悪魔とすし

大野美波(著者)

 オレはモブ。本当のなまえはナンバーA503。悪魔である。人間の世界では出世コースにのれなかった労働者を『まどぎわ』というらしいが、それを言うならオレはまどぎわ悪魔だ。他に優秀な悪魔はごまんといる。今日も仕事は夜からにして、昼は遊びほうけよう。オレの姿は人間そのもので、本来の姿になっても羽が生える程度であまり悪魔っぽくない。大柄なのがとりえと言えばとりえだ。特殊能力は飛ぶことと、人間の心をよむことと、万が一人間界でいざ大きな事件をおこしてしまったときのため、人間の記憶を消す力など、他の悪魔と変わらない。
 「よしえちゃん、今彼氏と別れてさみしいんでしょう」
 「わかる?」
 オレは『まどぎわ』なのでこれらの特別な力もたいてい女をひっかける時に使う。
 「じゃあオレのとっておきのやつみせちゃおうかな」
オレはコインを取り出した。
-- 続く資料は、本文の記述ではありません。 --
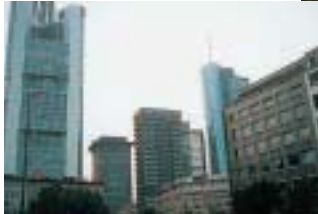
フランクフルトの金融街

大学での研究生活では、日本の大学とは違ったシステムを味わうことができました。多くの助手、秘書をもつドイツの大学教授の研究室のなかでの生活は、毎日緊張感がありました。日頃の講義の他に、ときにはブロックゼミナールという1週間の合宿による研修が開かれます。この研修への参加では、教授と助手、ドイツ学生の間で活発な議論が飛び交う情景を思い出し、議論好きでドイツ気質がみなぎったゼミナールを経験しました。仕事の手を休めて、一年間のドイツでの生活を思い起こしながら、もう一度、あのような経験ができればと、あれやこれやと過ぎ去ったつかの間の思い出にふけています。
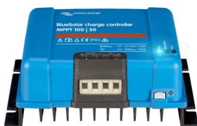
Contrôleur de charge solaire MPPT 100/50
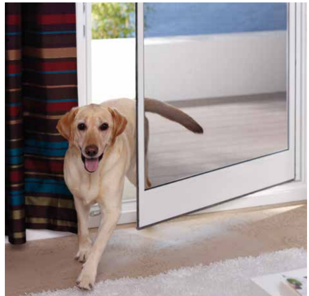
Mit Einsatz von kratzfestem Gewebe können auch Hunde die Pendeltür selbstständig bedienen.

Bestens alltagstauglich: wir fertigen Ihren Drehrahmen auch als Pendeltür. Selbst wenn Sie gerade keine Hand frei haben – Ihr Drehrahmen pendelt in beide Richtungen auf. Und schließt dann ohne jedes Zutun hinter Ihnen, sanft, geräuschlos und wie von selbst.
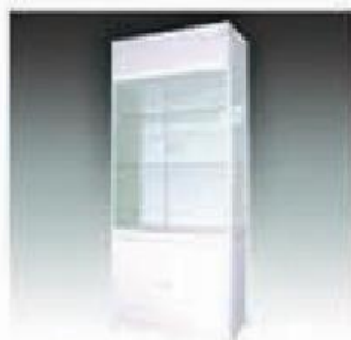
C-2 高玻璃柜 HIGH GLASS CUPBOARD 1000*500*2200
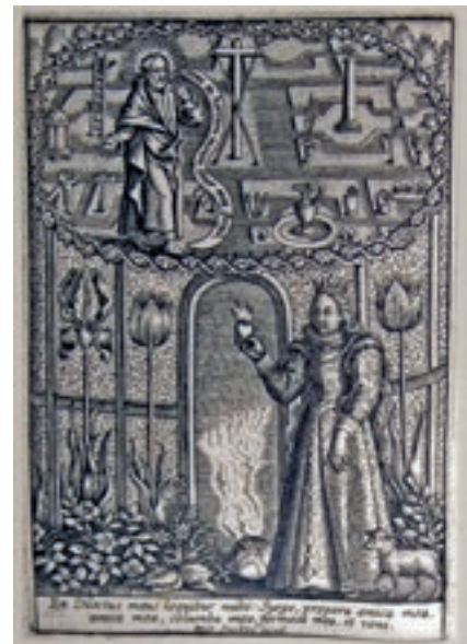
Maagd die haar Bruidegom Christus navolgt in De besloten hof met Arma Christi, gravure van Michael Sniijders, ca 1640.

Aan het einde van het Nieuwe Testament volgt tot slot nog een uitgebreide beschrijving van het Hemels Jeruzalem in de openbaring van Johannes. In de Apocalypse wordt de heilige stad Jeruzalem beschreven als een vierkante stad van zuiver goud en muren van jaspis, helder als glas. Het paradijs is daarom op veel afbeeldingen afgebeeld als een vierkante stad.
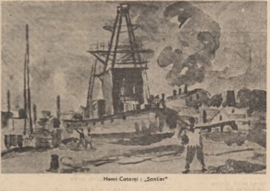
Henri Cotariu / „Șantier”
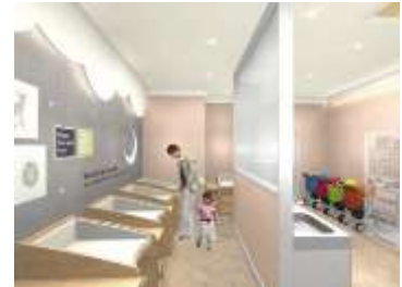
ベビーケアルーム（イメージパース）
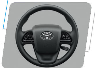
Timón con controles de audio, bluetooth y panel multi-información
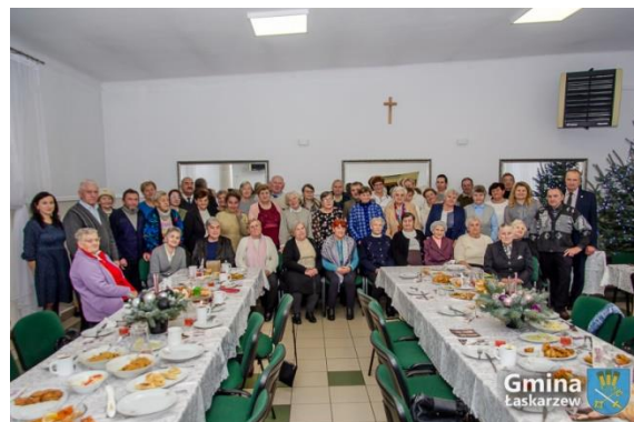
Spotkanie dla starszych i samotnych

そしてコップをさかさまにしてテープルに置き上にコインを乗せた。その上におしぼりを置いて、上からおした。
 『カラン』
 いい音がしてコインがコップをすり抜けテーブルに当った。すごーい。感心したようによしえちゃんはいうが、これも悪魔の力だ。せっかくいい雰囲気になってきたのに通信機器から連絡が入った。明日の食材が足りないから調達してくるようにということだった。オレは舌うちして通話を切ると席にもどって行った。
 そして夜適当に入った店でいいターゲットを見つけた。会社でミスをして落ち込んでいる男、佐藤航。素直で正直な性格だ。彼ならついてきてくれるだろう。
 オレの故郷は魔界4番地だが、新潟出身だと言う佐藤に話を合わすと意気投合するのに時間はかからなかった。しかし、この男妙なクセがある。すしにしょうゆをつけないなんて、考えられない。
 回転ずしに行こうということになって外に出た。人間は寒そうだったが、魔界はもっと寒い。だんだん店が少なくなって、山道に入った時、さすがに警戒されるかなと思ったが、多少不思議に思ってるくらいだった。と、そこを黒猫がよこぎった。あれは使い魔503。通称にゃんにゃんだ。オレが仕事をしてるか不安になって、店長がよこしたのだろう。クッ。いらぬまねを。さすがにここまで来て帰れはしないだろうが、人間は案外敏感だ。にゃんにゃん早く立ち去れ。
 おっと大切なことを忘れてた。
「おまえさん、塩はもってないだろうな」
 佐藤はそんな変人じゃないと多少気分を害したようだ。もってなければいい。以前、偶然塩をもっていた客を紹介してしまい、大騒動になったことがあった。思えば、それが『まどぎわ』になったきっかけだったのかもしれない。
オレは悪魔にむいてないと思う。本業に手をだすより、人間のおねぇちゃんと遊んでいた方が楽しいし、なにより魔界に帰って、ジグソーパズルという人間界の遊びをするのにハマっている。人間界でもできるが、あれは室内の遊びた。ザ・インドア。ザ・魔界。ザ・働きたくない。がまどぎわなりに仕事をしないとくびになってもっといやな仕事を押し付けられる。それだけは勘弁。
ほっと息を吐く気配がした。寿司屋の明かりに安心したのだろう。うまく仕事をこなせてオレも安心した。ありがとう。佐藤航。
こいつには食えない。オレは確信がある。

ガラガラと寿司屋に入って、佐藤は目のまえの状況を理解して、というか、お品書きを見て固まった。
『肛門のユッケ』
『貴婦人のモモ握り』
『赤ちゃんの舌』
ここでは寿司を食べる人は客で食べない人は食材だ。
そのことを告げると佐藤はさらに固まった。これで仕事終了。佐藤を店長に任せて帰ろうとした時だ。
ばぁさんがうぉーっという勢いで入ってきた。髪を逆立て塩をまいてる。
「ばあちゃん!」
佐藤は驚きながら、しかし確実にすし屋から出た。
「航に手を出すのは許さん!」
いつのまにか佐藤もばあさんも消えていた。

 ただそこには草むらだけがあった。